A small fraction of aluminum was added to the lithium garnet formulation because aluminum is known to stabilize the highly conductive cubic phase of this high-temperature ceramic.

In addition to using Raman spectroscopy analysis, they used another technique, known as negative-ion time-of-flight secondary ion mass spectrometry (TOF-SIMS). This technique revealed that the aluminum maintains its position at what were originally the interfaces between the lithium nitride and lithium garnet layers before the heating expelled the fused material and the nitrogen.

"When you look at large-scale processing of pellets by sintering, then everywhere where you have a grain boundary, you will find close to it a higher concentration of aluminum.

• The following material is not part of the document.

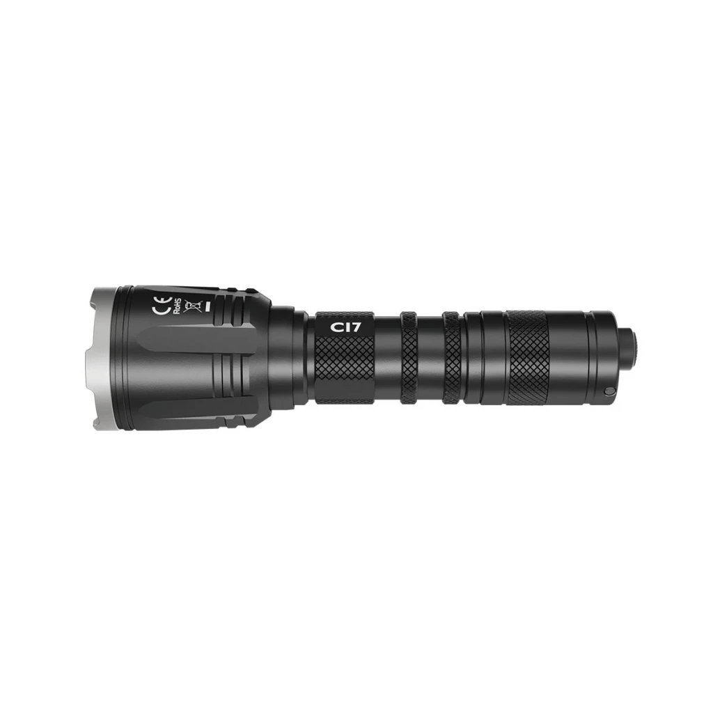 The NITECORE CI7 is the ultimate flashlight for night vision hunting or outdoor operations. This dual-output flashlight pushes an incredibly bright 2500 lumens of light, reaching over 300 yards. Rotating the flashlight head instantly turns the CI7 into an adjustable 7000mw long-range IR illuminator. This 940nm IR light is invisible to the human eye, and can only be detected by night vision or thermal vision. Providing both high power infrared and white light, this light enables you to quickly switch from stealth maneuvers to swift actions, which makes CI7 an indispensable tool for scouting, search and rescue, hunting, and law enforcement. The user-friendly NITECORE CI7 is designed to get you the right kind and amount of light you need when you need it. The end cap tail switch is capable of momentary-on and constant-on for both white and IR light. The improved “Strobe Ready” mode switch provides instant turbo or strobe access and cycles through brightness settings while preventing accidental activation. The CI7 comes with all the standard features you expect on a NITECORE flashlight, IP68 waterproof, mode memory, high-efficiency constant current, and advanced temperature regulation, the CI7 is an ideal flashlight.

So we see a replica of that in our new processing, but on a smaller scale at the original interfaces," Rupp says. "These little things are what adds up, also, not only to my excitement in engineering but my excitement as a scientist to understand phase formations, where that goes and what that does," Rupp said.

Oxford Professor Bruce noted the novelty of the approach commenting, "I'm not aware of similar nanostructured approaches to reduce diffusion lengths in solid-state synthesis."

"Although the paper describes specific application of the approach to the formation of lithium-rich and therefore highly conducting garnet solid electrolytes, the methodology has more general applicability, and therefore significant potential beyond the specific examples provided in the paper," Bruce added.

After demonstrating the unique processing and high conductivity of the lithium garnet electrode, the next step will be to assess the material in an actual battery to investigate how the material reacts with a battery cathode and how stable it is. "There is still a lot to come," Rupp predicts.

While the work will likely first apply to batteries, Rupp predicts another decade of advances based upon applications of her processing techniques to devices for artificial intelligence, neuromorphic computing, and fast gas sensors. "The moment the lithium is in a small solid-state film, you can use the fast motion to trigger other electrochemistry," she said.

Several companies have already shown an interest in using the new electrolyte approach.

Reference Materials

Pfenninger, R., Struzik, M., Garbayo, I., Stilp, E., Rupp, J. L.M. A low ride on processing temperature for fast lithium conduction in garnet solid-state battery films. Nature Energy, 4, pages 475-483 (2019).